**Prompt:**
Retype, word for word, every line from the one holding "Page 7 : horticole" through the one holding "لپ تاپ 13 اینچی" in the entries below, both included, and only those lines.

**Materials provided:**
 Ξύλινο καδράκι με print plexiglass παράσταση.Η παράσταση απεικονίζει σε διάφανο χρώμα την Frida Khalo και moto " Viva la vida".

* * *

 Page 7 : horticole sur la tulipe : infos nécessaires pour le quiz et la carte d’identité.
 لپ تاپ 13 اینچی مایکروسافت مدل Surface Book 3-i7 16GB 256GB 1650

==

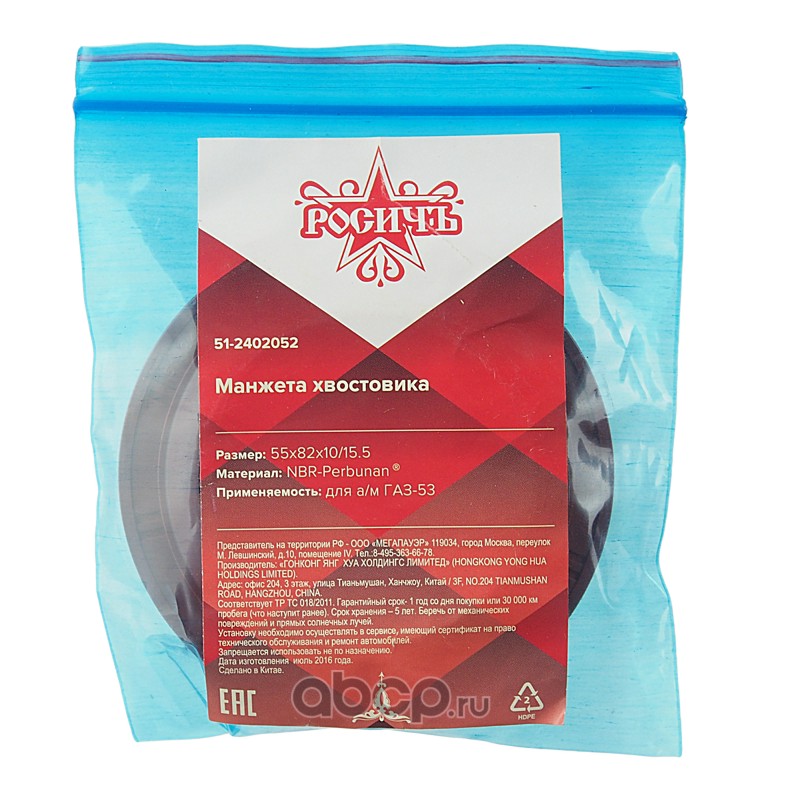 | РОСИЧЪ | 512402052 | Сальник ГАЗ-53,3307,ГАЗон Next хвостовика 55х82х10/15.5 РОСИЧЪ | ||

**Response:**
 Page 7 : horticole sur la tulipe : infos nécessaires pour le quiz et la carte d’identité.
 لپ تاپ 13 اینچی مایکروسافت مدل Surface Book 3-i7 16GB 256GB 1650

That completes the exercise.